Multiplies and Squares

b = cp.random.randn(int(1e6)) + cp.random.randn(int(1e6))*1j
a = b.reshape((1000,1000))
c = cp.zeros_like(b)

# Baseline, square, new array
%%timeit -n 100
d = b**2
34.2 µs ± 846 ns per loop (mean ± std. dev. of 7 runs, 100 loops each)

# Baseline, multiply, new array
%%timeit -n 100
d = b*b
12.6 µs ± 826 ns per loop (mean ± std. dev. of 7 runs, 100 loops each)

# Baseline, multiply, preallocated
%%timeit -n 100
cp.multiply(b,b,out=c)
8.33 µs ± 527 ns per loop (mean ± std. dev. of 7 runs, 100 loops each)

# Reshaped, square, new array
%%timeit -n 100
d = a**2
33.1 µs ± 1.34 µs per loop (mean ± std. dev. of 7 runs, 100 loops each)

# Reshaped, multiply, new array
%%timeit -n 100
d = a*a
12.5 µs ± 1.3 µs per loop (mean ± std. dev. of 7 runs, 100 loops each)

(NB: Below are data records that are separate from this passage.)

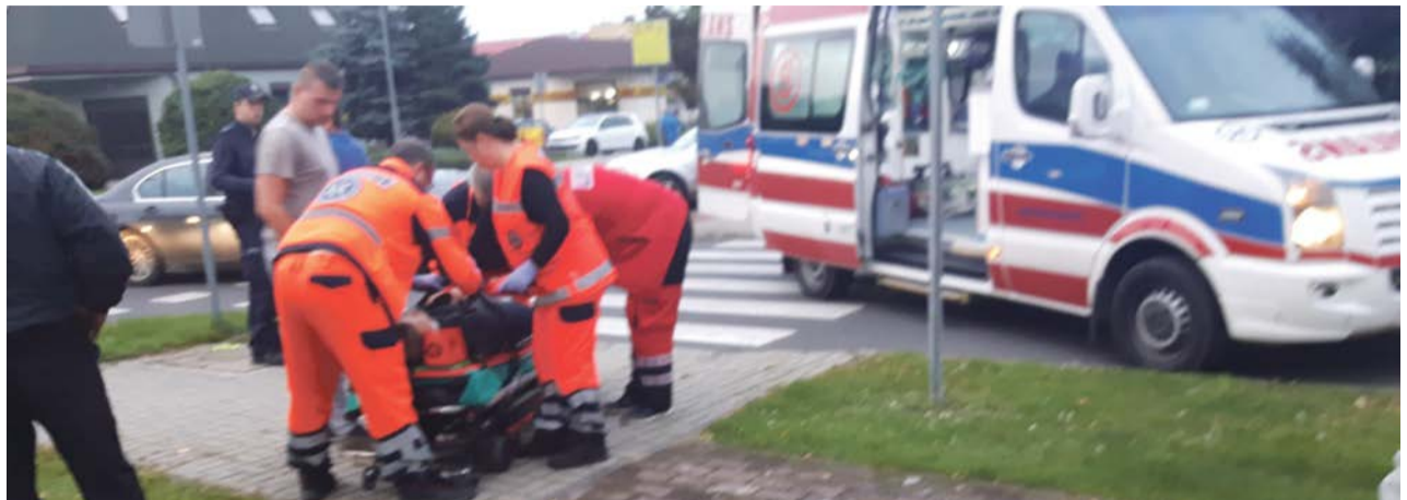
Jednego z uczestników kolizji trzeba było przetransportować do szpitala

przejazdu jadącemu ulicą Kujawską bmw, w wyniku czego doszło do silnego zderzenia pojazdów. Siła zderzenia obróciła volkswagena i wyrzuciła go do pobliskiego ogrodu. Na miejsce zdarzenia wezwano pogotowie. Najbardziej ucierpiał pasażer bmw, który z silnym bólem kręgosłupa został przytransportowany na SOR. Pozostali uczestnicy wypadku nie doznali obrażeń. MK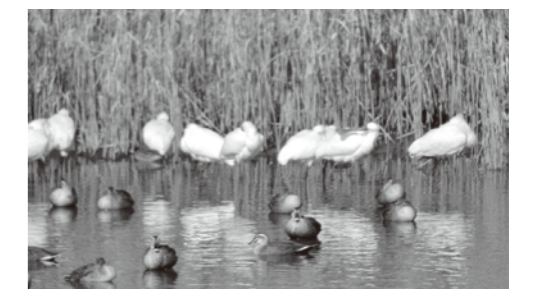
▲錦江湾のクロツラヘラサギ

出水市と錦江湾の置かれた状況は異なりますが、共通して感じたことは、どちらもその場所の自然や越冬する鳥たちを守りたいという地域の人たちの思いがその地域の自然を守っているのだということです。クロツラヘラサギの越冬地を守っているのは間違いなくその地域の人たちの声です。出水市にしても地域の人たちの理解と努力なくして世界一のツルの越冬地にはなりません。それぞれの地域をどのような場所にしていくかを決めるのは、他でもないその地域に住んでいる人々たちです。それは九重町も例外ではありません。将来の九重町を担う子どもたちに「自分たちの町の在り方を決めるのは自分自身」ということを感じてもらうことができた、実りあるキャンプだったと思います。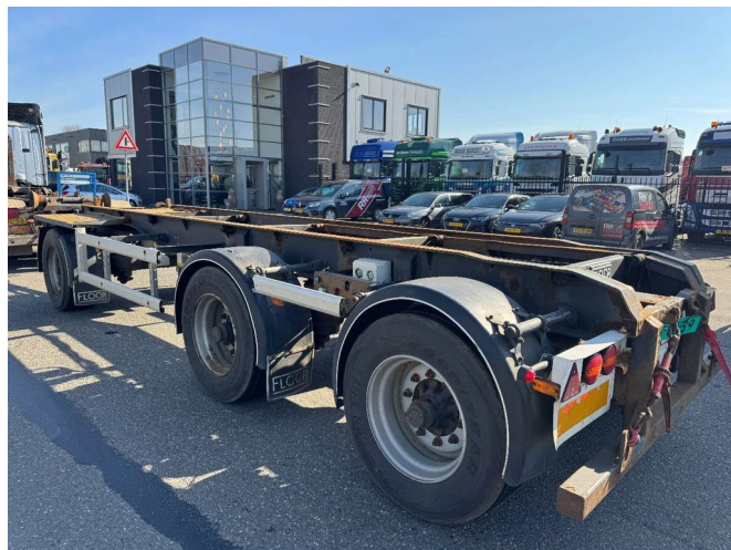
Floor FLA-10-20 - 3 AXLE BPW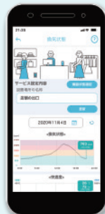
スマートフォン表示(イメージ)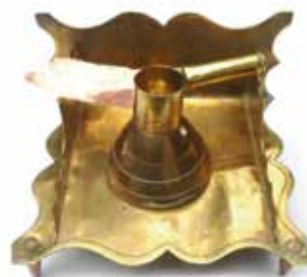
Inktstel 'Souvenir de guerre Merckem, 1918'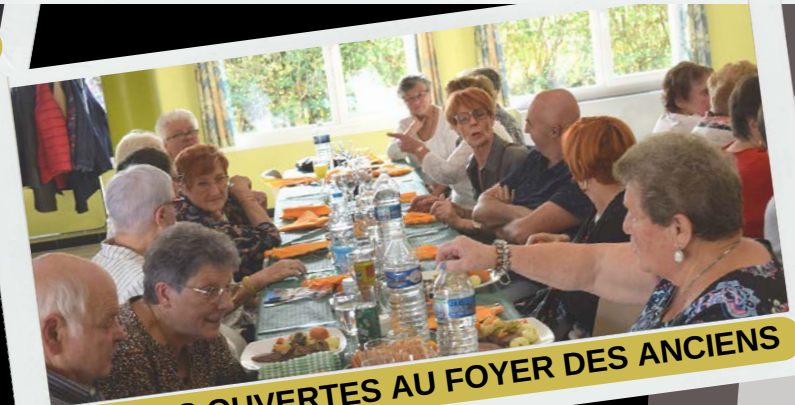
PORTES OUVERTES AU FOYER DES ANCIENS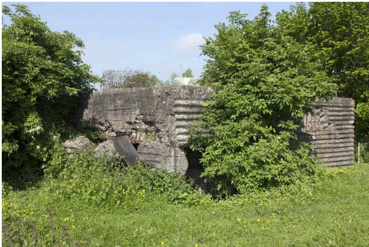
Vue de trois-quarts vers nord-ouest de la casemate dynamitée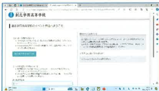
③はじめの方はこちらを押す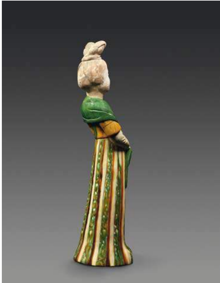
Exceptionnelle Dame de cour debout Terre cuite émaillée sancai « Trois couleurs » Chine, dynastie Tang, 618-907 H : 62 cm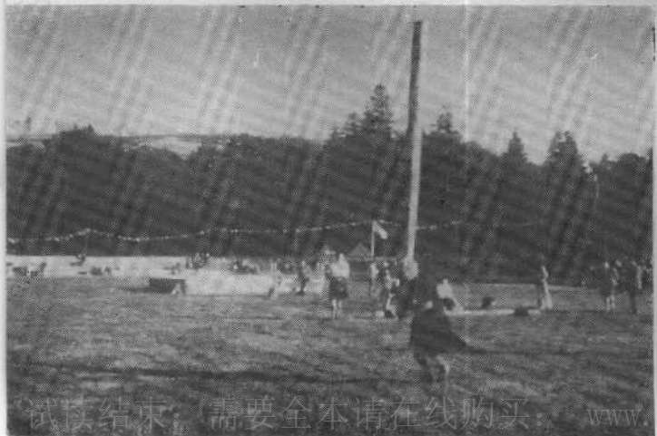
◁ 苏格兰传统民族运动——抛树干

# Reshaped, multiply, preallocated
c = cp.zeros_like(a)
%%timeit -n 100
cp.multiply(a,a,out=c)
8.33 µs ± 673 ns per loop (mean ± std. dev. of 7 runs, 100 loops each)

# Reshaped, multiply, in-place
%%timeit -n 100
cp.multiply(a,a,out=a)
8.39 µs ± 531 ns per loop (mean ± std. dev. of 7 runs, 100 loops each)
Obvious trends are, preallocate and use the 'out' argument when performing multiplies, even for squares.